In one aspect, E has a molecular weight in the range of from about
50 to about 2500 daltons, more preferably, from about 50 to about
1500 daltons. Preferred structures of E are described more fully
below. E may comprise a detection group for generating an
electrochemical, fluorescent, or chromogenic signal. Preferably,
the detection group generates a fluorescent signal. Electrophoretic
standards of the invention may be selected from the same set of
compounds as are the molecular tag. In one aspect, one or more
molecular tags in a plurality may be designated and used as
electrophoretic standards in the method of the invention. When used
as an electrophoretic standard, a known quantity of the molecular
tag is added to the mixture to be separated. That is, molecular
tags used as electrophoretic standards are not released from a
binding compound, they are prepared in their released form and
added directly to the mixture to be separated.

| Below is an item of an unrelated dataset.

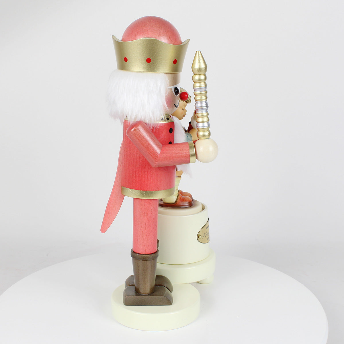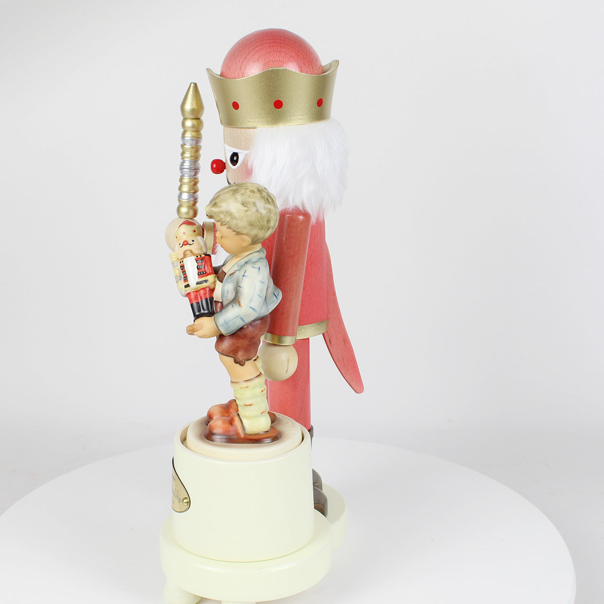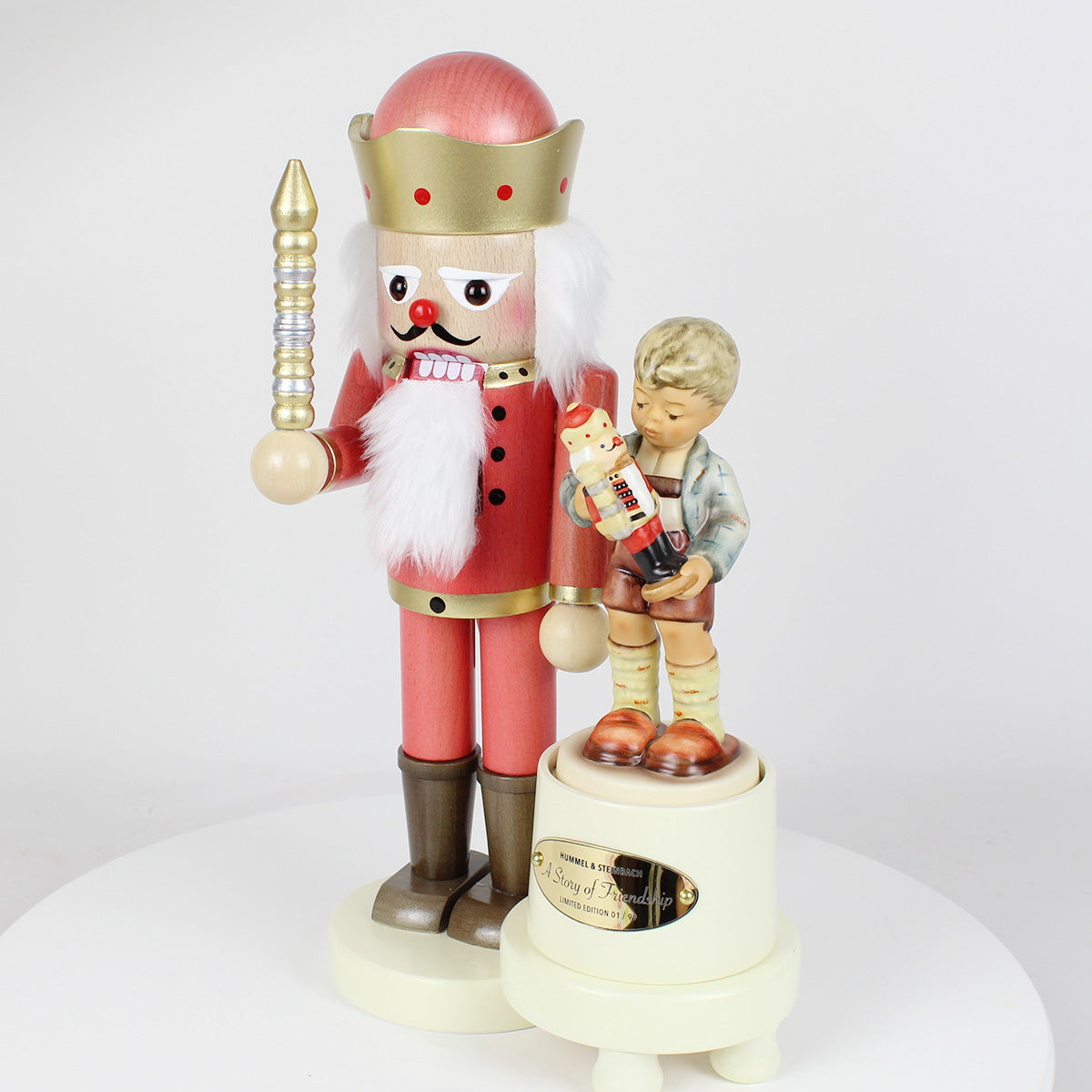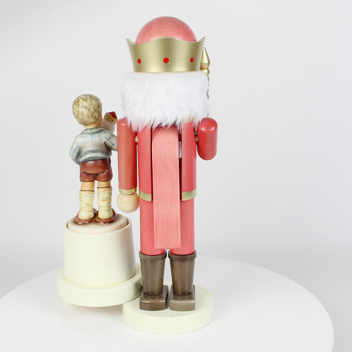 At its heart is the original Hummel porcelain boy, lovingly holding a miniature Steinbach nutcracker. To honor him, Steinbach’s master carvers have transformed that tiny figure into a full-sized wooden masterpiece – complete with red nose, golden crown, and scepter. Standing proudly beside the porcelain figurine, the nutcracker has stepped out of history and into the spotlight as the true main character.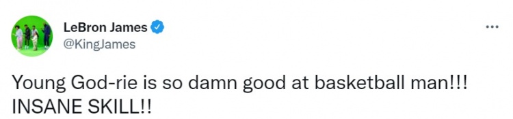 詹姆斯更推大赞欧文,詹姆斯写道:“年轻的‘上帝文’篮球打得也太棒了!不可思议的技巧!”

[0136] Molecular tags within a plurality are selected so that each
has a unique electrophoretic separation characteristic and/or a
unique optical property with respect to the other members of the
same plurality. In one aspect, the electrophoretic separation
characteristic is migration time under set of standard separation
conditions conventional in the art, e.g. voltage, capillary type,
electrophoretic separation medium, or the like. In another aspect,
the optical property is a fluorescence property, such as emission
spectrum, fluorescence lifetime, fluorescence intensity at a given
wavelength or band of wavelengths, or the like. Preferably, the
fluorescence property is fluorescence intensity. For example, each
molecular tag of a plurality may have the same fluorescent emission
properties, but each will differ from one another by virtue of a
unique migration time. On the other hand, or two or more of the
molecular tags of a plurality may have identical migration times,
but they will have unique fluorescent properties, e.g. spectrally
resolvable emission spectra, so that all the members of the
plurality are distinguishable by the combination of molecular
separation and fluorescence measurement.
[0137] Preferably, released molecular tags are detected by
electrophoretic separation and the fluorescence of a detection
group. In such embodiments, molecular tags having substantially
identical fluorescence properties have different electrophoretic
mobilities so that distinct peaks in an electropherogram are formed
under separation conditions. Preferably, pluralities of molecular
tags of the invention are separated by conventional capillary
electrophoresis apparatus, either in the presence or absence of a
conventional sieving matrix. Exemplary capillary electrophoresis
apparatus include Applied Biosystems (Foster City, Calif.) models
310, 3100 and 3700; Beckman (Fullerton, Calif.) model P/ACE MDQ;
Amersham Biosciences (Sunnyvale, Calif.) MegaBACE 1000 or 4000;
SpectruMedix genetic analysis system; and the like. Electrophoretic
mobility is proportional to q/M.sup.2/3, where q is the charge on
the molecule and M is the mass of the molecule. Desirably, the
difference in mobility under the conditions of the determination
between the closest electrophoretic labels will be at least about
0.001, usually 0.002, more usually at least about 0.01, and may be
0.02 or more. Preferably, in such conventional apparatus, the
electrophoretic mobilities of molecular tags of a plurality differ
by at least one percent, and more preferably, by at least a
percentage in the range of from 1 to 10 percent.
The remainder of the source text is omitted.